The Staged-Compiler Pattern

TL;DR: Structure AI-heavy knowledge work as compilers: numbered stages with machine-readable JSON contracts between them, human approval gates at the points of irreversibility, and self-QA as an explicit stage. For strategy→production work, use two compilers joined by one frozen contract — a research compiler (expensive, durable, compounding) and a production compiler (cheap, disposable, regenerable) — because the two layers have different cadence, craft, and economics. Scale comes from parallel agent fan-out off one central briefing file: diversity by design, not by luck.

The pattern in one picture

inputs ──▶ [ RESEARCH COMPILER ]──▶ units.json ──▶ [ PRODUCTION COMPILER ] ──▶ brief packages
            stages 0..6              (frozen          stages 0..5
            gates: scope,             contract,        gates: concept
            confirmation,             stable IDs)      approval, final QA
            sign-off
                  ▲                                          │
                  └────────── field results ◀────────────────┘
                          (IDs map results back)

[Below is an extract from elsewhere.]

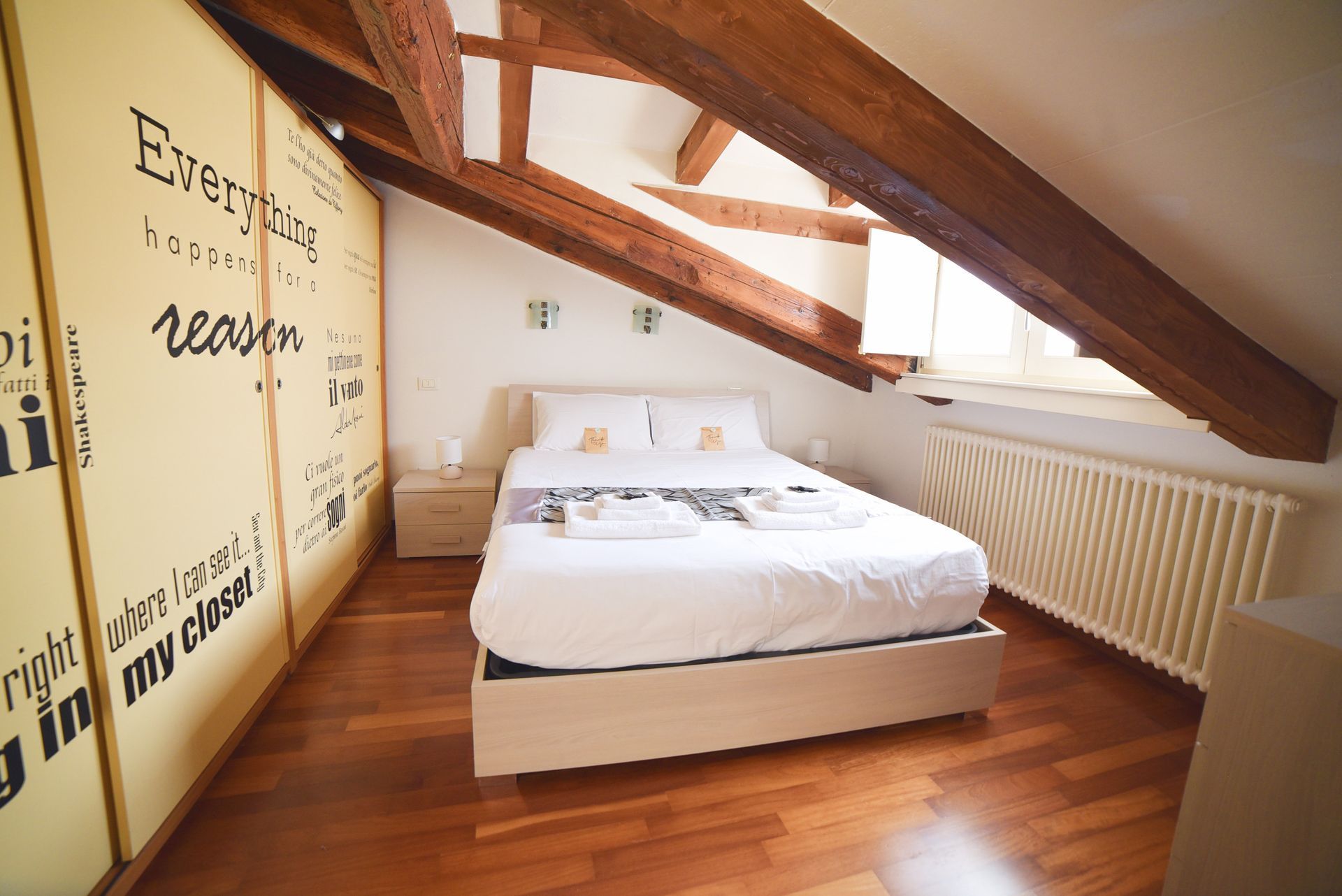 L'appartamento dispone di una giovanile camera da letto con letto matrimoniale Queen Size, ampio armadio abbaini per ammirare lo splendido cielo notturno.

The worked instance is a paid-social pipeline — marketing/evidence-graded-audience-research as the research compiler, marketing/prescriptive-production-briefs as the production compiler — but nothing in the pattern is marketing-specific. It generalizes to any work that splits into “expensive analysis that compounds” and “cheap synthesis that regenerates.”

Why two compilers instead of one pipeline

The layers differ on three axes, and merging them forces the wrong economics on both:

	Research compiler	Production compiler
Cadence	Weeks–months; revised by field evidence	Hours–days; regenerated per wave
Craft	Evidence discipline, judgment, calibration	Prescriptive serialization, consistency
Economics	Expensive, durable, compounding asset	Cheap, disposable compilation

The operating rule that falls out: research is durable, scenarios regenerate. If a brief is wrong, recompile it from the unit. If a unit is wrong, that’s a research event — it goes back through the research compiler’s feedback stage, not patched downstream. (The same asymmetry as source code vs build artifacts — hence “compiler.”)

The contract is what makes the split safe. The research compiler’s output is a frozen, machine-readable file (units.json) with stable IDs; the production compiler refuses input that isn’t signed off. Post-sign-off changes append new IDs — never renumber — so every downstream artifact keeps resolving.

Staged-compiler anatomy

Five properties define the pattern:

Numbered stages with typed artifacts. Each stage emits a named file (digest, unit table, load manifest, brief). Stages are resumable and auditable; you can re-run stage 4 without re-paying for stages 0–3.
JSON contracts at the boundaries. Structured artifacts between stages, prose only inside them. This is the workflows-not-agents end of Anthropic’s spectrum (“Building Effective Agents,” Dec 2024): predefined code paths with checks at intermediate steps, chosen deliberately over letting a model dynamically direct the whole process — for work where predictability beats flexibility.
Human gates at the points of irreversibility. Not everywhere — only where a wrong call poisons everything downstream: research scope (before expensive fetching), audience confirmation (before everything built on it), final sign-off (before IDs freeze). Between gates, the machine runs at machine speed.
Self-QA as a stage, not a virtue. An explicit checklist gate (evidence-or-hypothesis grading upstream; a prescriptiveness/compliance checklist downstream; similarity audit in batch mode). The QA artifact is the substance of the human gate — the human reviews a verdict, not raw output.
Feedback as a first-class input. Field results re-enter the research compiler and re-rank the queue. The mechanism is mechanical, not aspirational: output names encode unit IDs, so a results export maps back to units automatically, with failure attribution at the right level (execution vs angle vs audience).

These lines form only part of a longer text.